I’m here to let you in on a little secret today. It might be a bit of a shocker. Here goes…you don’t have to teach sentence diagramming. There, I said it. Throw a hardback copy of Strunk and White’s Elements of Style at me if you must. I am not backing down from this one.
The funny thing is that, personally, I enjoy diagramming. Way back in middle school, all my classmates would groan when my teacher brought out the big pieces of butcher paper – not sentence diagramming again! Actually, everyone would groan except for me (I just pretended to groan). I was one of those weirdos who liked diagramming sentences. To me it was fun to take a sentence, the more convoluted the better, and divide it into its most basic parts according to function. It was a game to me to get all those words to fit neatly onto the appropriate lines, to figure out to which word each modifier belonged. Ah, blissful middle school memories – there certainly aren’t many of those!
Here’s the thing, though – I went on to get an English degree, and did diagramming come in handy? Not even once.
I wrote and revised and edited dozens of essays and research papers and even a handful of short stories in college. I made straight As. Diagramming never helped me do it. I never resolved a problem sentence in a composition by diagramming it. Looking back, I think I liked diagramming because I was good at it while most of my peers struggled. It made me feel like I had a special skill. Akin to the math-letes who memorize pi to dozens of digits past the standard 3.14, my personal enjoyment of diagramming was more about feeling smart than developing a skill that had much practical value.
I must admit, in my early years of teaching high school, I made my 10th grade students learn sentence diagramming. We started with very simple sentences with just subjects and verbs. Then we added modifiers, direct and indirect objects, predicate nominatives, verbal phrases like participles and gerunds, and eventually, dependent clauses. My chalkboard would be covered in sentence diagrams by the end of the class period. Some of my students, especially those who favored math and science over writing, really enjoyed doing an activity in English class that had a definite right or wrong answer. Most of my students HATED it. It wasn’t until a few years later, when I started a new job at a new school, that one of my colleagues asked me the question that I should have been asking myself:
“Does diagramming make students better writers?”

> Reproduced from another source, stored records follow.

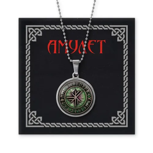 Материал и изготовление: Бижутерный сплав с покрытием под серебро. Изображение амулета защищено выпуклой стеклянной линзой диаметром 20 мм.
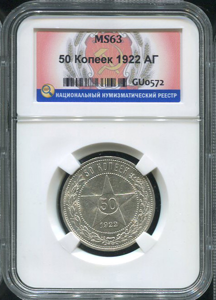 50 копеек 1922 (в слабе) (АГ)
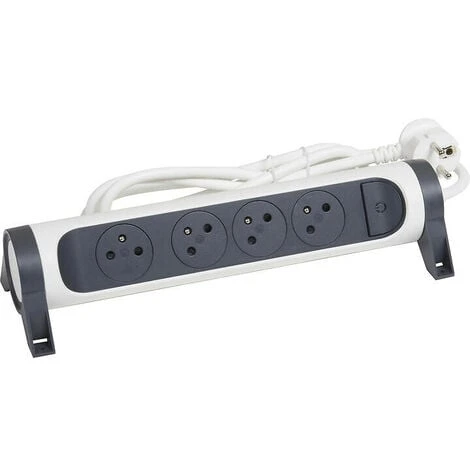 Bloc de prises pivotant sur son axe. Fixation possible par vis sur mur, meuble, plan de travail, etc. Cordon 3G 1,5. Intensité : 16 A. Puissance max. : 3500 W en 230 V.
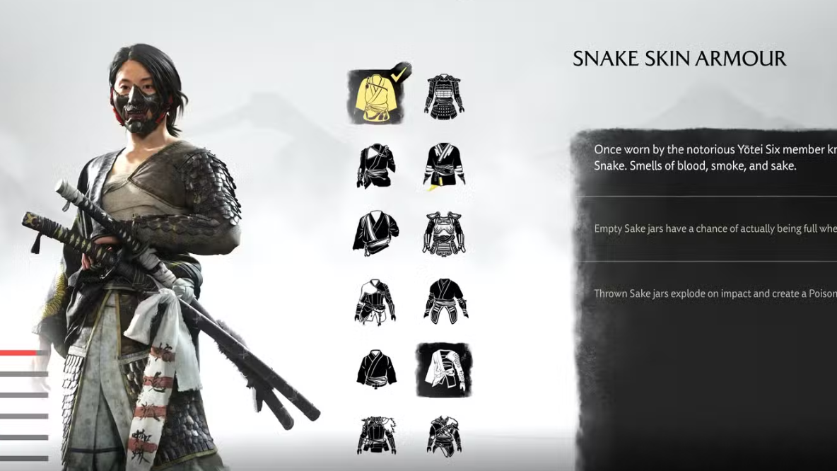 If you own the Deluxe Edition, you also receive the Snake Skin Armor. It can’t be upgraded and revolves around sake jars: some “empty” jars turn out to be full when picked up, and thrown jars explode on impact, leaving a poisonous cloud.
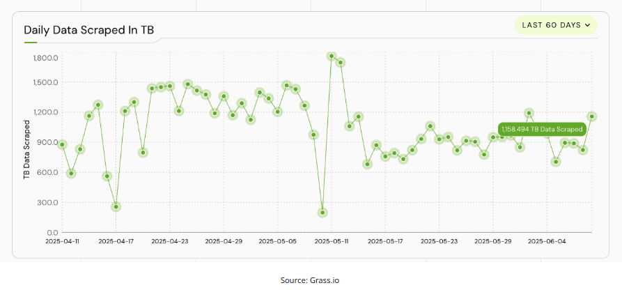 Rumput telah menunjukkan ekspansi jaringan yang cepat sebagai proyek blockchain yang fokus pada penciptaan jaringan terdesentralisasi untuk memonetisasi bandwidth internet yang tidak terpakai, terutama untuk tugas terkait AI.
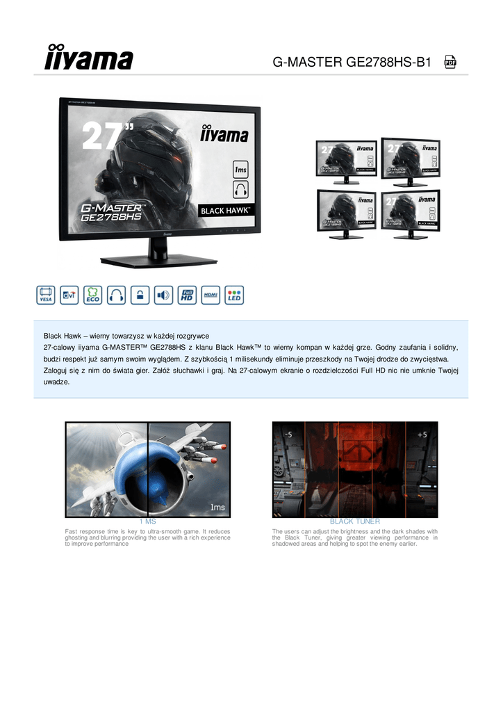 G-MASTER GE2788HS-B1 Black Hawk – wierny towarzysz w każdej rozgrywce 27-calowy iiyama G-MASTER™ GE2788HS z klanu Black Hawk™ to wierny kompan w każdej grze. Godny zaufania i solidny, budzi respekt już samym swoim wyglądem. Z szybkością 1 milisekundy eliminuje przeszkody na Twojej drodze do zwycięstwa. Zaloguj się z nim do świata gier. Załóż słuchawki i graj. Na 27-calowym ekranie o rozdzielczości Full HD nic nie umknie Twojej uwadze. 1 MS BLACK TUNER Fast response time is key to ultra-smooth game. It reduces ghosting and blurring providing the user with a rich experience to improve performance The users can adjust the brightness and the dark shades with the Black Tuner, giving greater viewing performance in shadowed areas and helping to spot the enemy earlier. 1. CHARAKTERYSTYKA OBRAZU PRZEKĄTNA EKRANU 27"; 68.6cm PANEL TN LED MAKS. POWIERZCHNIA ROBOCZA (WYS. X SZER.) 336.3 x 597.9 mm; 13.2" x 23.5" CZAS REAKCJI 1 ms KONTRAST 1000 : 1 typowy KONTRAST 12 000 000 : 1 ACR JASNOŚĆ 300 cd/m² typowa KĄT WIDZENIA CR>10 poziomo/pionowo: 170°/ 160°; prawo/lewo: 85°/ 85°; góra/dół: 80°/ 80° WYŚWIETLANE KOLORY 16.7 mln WIELKOŚĆ PLAMKI (PION. X POZ.) 0.311 x 0.311 mm ROZDZIELCZOŚĆ FIZYCZNA Full HD 1080p, 1920 x 1080 ( 2.1 megapiksela) CZĘSTOTLIWOŚĆ POZIOMA 30 - 80 KHz CZĘSTOTLIWOŚĆ PIONOWA 55 - 75 Hz SYNCHRONIZACJA Separate Sync FORMAT OBRAZU 16 : 9 2. INTERFEJSY CYFROWE WEJŚCIE SYGNAŁU VGA, DVI-D, HDMI HDCP tak WYJŚCIE SŁUCHAWKOWE tak WYJŚCIA wyjście słuchawkowe 3. WŁAŚCIWOŚCI KOMPATYBILNOŚĆ Z APPLE Wszystkie monitory iiyama są kompatybilne z komputerami Apple Macintosh. PLUG & PLAY VESA DDC2B™ przy pomocy On-Screen-Display w 8 językach (EN, FR, DE, NL, PL, RU, JP, Chiński(tradycyjny i REGULACJA PARAMETRÓW uproszczony) i 5 przycisków (Power, Wybierz/ Wejście sygnału, W górę/ Audio, W dól/ i-Style Colour, Menu) regulacje obrazu (kontrast, jasność, OD, ACR, ECO), wybor wejścia, regulacje audio (głośność, wycisz, HDMI audio), zapisz ustawienia użytkownika, ustawienia kolorów, ręczne ustawienia obrazu (i- PARAMETRY REGULOWANE style Colour, pozycja pozioma/pionowa, taktowanie, faza, ostrość, głębia czerni, zakres HDMI RGB, regulacje trybu Video, redukcja niebieskiego świtała), konfiguracje menu (język, pozycja menu OSD, wygaszenie menu OSD, tło menu OSD, logo startowe, LED), informacje, przywróć GŁOŚNIKI 2 x 2.5 W (Stereo) ZABEZPIECZENIE PRZED KRADZIEŻĄ kompatybilny z Kensington-lock™ CERTYFIKATY CE, TÜV-Bauart, CU, VCCI-B, PSE KĄT POCHYLENIA 20° w górę; 5° w dół STANDARD VESA 100 x 100 mm KOLOR czarny 4. AKCESORIA STEROWNIKI Windows 95 / 98 / 2000 / ME / XP / Vista/ 7/ 8/ 10 AKCESORIA W ZESTAWIE kabel zasilający, kabel DVI-D, kabel Audio, skrócona instrukcja obsługi, instrukcja bezpieczeństwa 5. ZARZĄDZANIE ENERGIĄ ZASILANIE AC 100 - 240 V, 50 / 60 Hz ZASILACZ wewnętrzny ZUŻYCIE ENERGII 30 W typowo; maks. 0.5 W w trybie Power management ZARZĄDZANIE ENERGIĄ VESA DPMS, ENERGY STAR® 6. KLASA ENERGETYCZNA (EU) KLASA EFEKTYWNOŚCI ENERGETYCZNEJ B PRZEKĄTNA OBSZARU WIDOCZNEGO 61 cm; 24"; (segment 24'') Zgodnie z rozporządzeniem (EU) 1062/2010. *W oparciu o telewizor pracujący 4 godziny dziennie przez 365 dni w roku. Rzeczywiste zużycie zależy od faktycznego użytkowania. 7. WYMIARY / WAGA WYMIARY (SZER. X WYS. X GŁ.) 643.5 x 462 x 242 mm WAGA 4.6 kg Wszystkie znaki towarowe zastrzeżone. Pomyłki i wprowadzanie zmian zastrzeżone. Specyfikacje produktów mogą ulec zmianie bez wcześniejszego zawiadomienia. Wszystkie monitory LCD iiyama są zgodne z normą ISO-9241-307:2008 określającą liczbę i rodzaj defektów matrycy. © IIYAMA CORPORATION ( ). ALL RIGHTS RESERVED.

In 1960, the Encyclopedia of Educational Research boldly asserted that “Diagramming sentences…teaches nothing beyond the ability to diagram.” Years later, in 1985, the National Council for Teachers of English (NCTE) weighed in on the topic by stating that “repetitive grammar drills and exercises” like diagramming are a “deterrent to the improvement of students’ speaking and writing.” Instead, declared NCTE, language arts teachers should help their students improve their speaking and writing by devoting class time to “opportunities for meaningful listening, speaking, reading, and writing.” In other words, students get better at writing by doing more writing (and by reading and listening to other people’s writing and by speaking their ideas aloud as they try to make sense of them).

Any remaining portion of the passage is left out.